Use the following command to restore the original file "letter":

  cp  ~aixstu00/xmp/letter  .

more Command

You may type or browse files using the more command. The "more" command is useful when examining a large file as it displays the file contents one page at a time, allowing each page to be examined at will. As with the man command, you must press the space bar to proceed to the next screen of the file. On many systems, pressing the <b> key will enable you to page backwards in the file. To terminate more at any time, press <q>.

To examine a file with the more command, simply enter:

  more  file_name
See the online manual pages for additional information.

The man command uses the more command to display the manual pages; thus the commands you are familiar with in using man will also work with more.

Not all Unix systems include the more command; some implement the pg command instead. VTAIX includes both the more and pg commands. When using the pg command, press <Return> to page down through a file instead of using the space bar.

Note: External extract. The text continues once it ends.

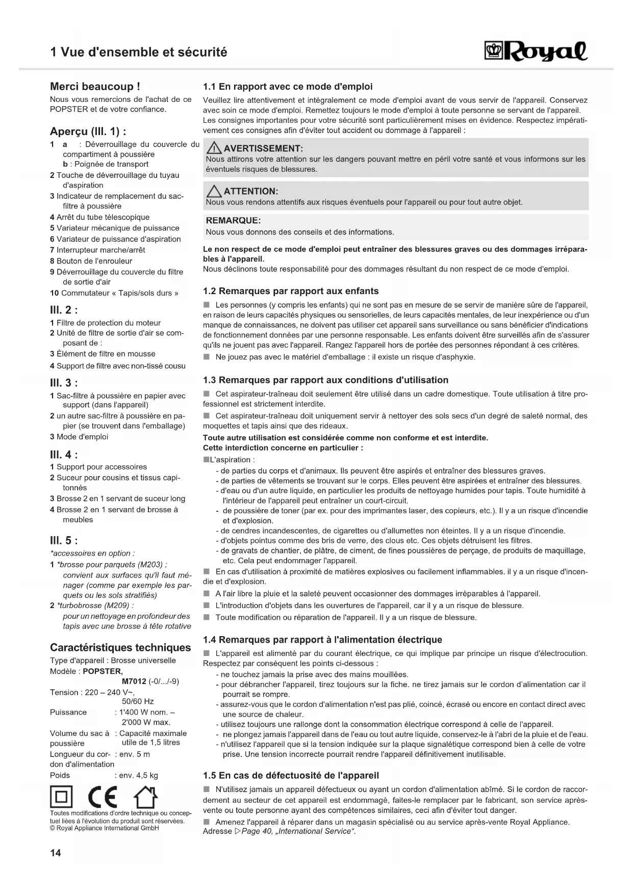 Nous vous donnons des conseils et des informations. Merci beaucoup ! Nous vous remercions de l'achat de cePOPSTER et de votre confiance. Aperçu (Ill. 1) : 1a : Déverrouillage du couvercle ducompartiment à poussièreb : Poignée de transport2 Touche de déverrouillage du tuyau d'aspiration3 Indicateur de remplacement du sac-filtre à poussière4 Arrêt du tube télescopique5 Variateur mécanique de puissance6 Variateur de puissance d'aspiration7 Interrupteur marche/arrêt8 Bouton de l'enrouleur9 Déverrouillage du couvercle du filtre de sortie d'air10 Commutateur « Tapis/sols durs » Ill. 2 : 1 Filtre de protection du moteur2 Unité de filtre de sortie d'air se com-posant de :3 Élément de filtre en mousse4 Support de filtre avec non-tissé cousu Ill. 3 : 1 Sac-filtre à poussière en papier avecsupport (dans l'appareil)2 un autre sac-filtre à poussière en pa-pier (se trouvent dans l'emballage)3 Mode d'emploi Ill. 4 : 1 Support pour accessoires2 Suceur pour cousins et tissus capi-tonnés3 Brosse 2 en 1 servant de suceur long4 Brosse 2 en 1 servant de brosse à meubles Ill. 5 : *accessoires en option :1 *brosse pour parquets (M203) :convient aux surfaces qu'il faut mé-nager (comme par exemple les par-quets ou les sols stratifiés)2 *turbobrosse (M209) :pour un nettoyage en profondeur des tapis avec une brosse à tête rotative Caractéristiques techniques Toutes modifications d'ordre technique ou concep-tuel liées à l'évolution du produit sont réservées. © Royal Appliance International GmbHType d'appareil : Brosse universelleModèle : POPSTER, M7012 (-0/.../-9)Tension : 220 – 240 V~, 50/60 HzPuissance : 1'400 W nom. – 2'000 W max.Volume du sac à poussière : Capacité maximale utile de 1,5 litresLongueur du cor-don d'alimentation: env. 5 mPoids : env. 4,5 kg POPSTER.book Seite 14 Freitag, 6. Mai 2011 1:32 1315

Observe the results of entering the following commands:

  more  argtest
  pg    argtest

head Command

The head command is used to display the first few lines of a file. This command can be useful when you wish to look for specific information which would be found at the beginning of a file. For example, enter:

  head  argtest

tail Command

The tail command is used to display the last lines of a file. This command can be useful to monitor the status of a program which appends output to the end of a file. For example, enter:

  tail  argtest

Copying, Erasing, Renaming

Warning! The typical Unix operating system provides no 'unerase' or 'undelete' command. If you mistakenly delete a file you are dependent upon the backups you or the system administrator has maintained in order to recover the file. You need to be careful when using commands like copy and move which may result in overwriting existing files. If you are using the C or Korn Shell, you can create a command alias which will prompt you for verification before overwriting files with these commands.

Copying Files

The cp command is used to copy a file or group of files. You have already seen an example application of the cp command when you copied the sample files to your userid (see Sample Files). Now let's make a copy of one of these files. Recall that you can obtain a listing of the files in the current directory using the ls command. Observe the results of the following commands:

  ls  l*
  cp  letter  letter.2
  ls  l*

Note: Unlike many other operating systems, such as PC/DOS, you must specify the target with the copy command; it does not assume the current directory if no "copy-to" target is specified.

Erasing Files

Unix uses the command rm (ReMove) to delete unwanted files. To remove the file "letter.2" which we have just created, enter:

  rm  letter.2
Enter the command "ls l*" to display a list of all files beginning with the letter "l". Note that letter.2 is no longer present in the current directory.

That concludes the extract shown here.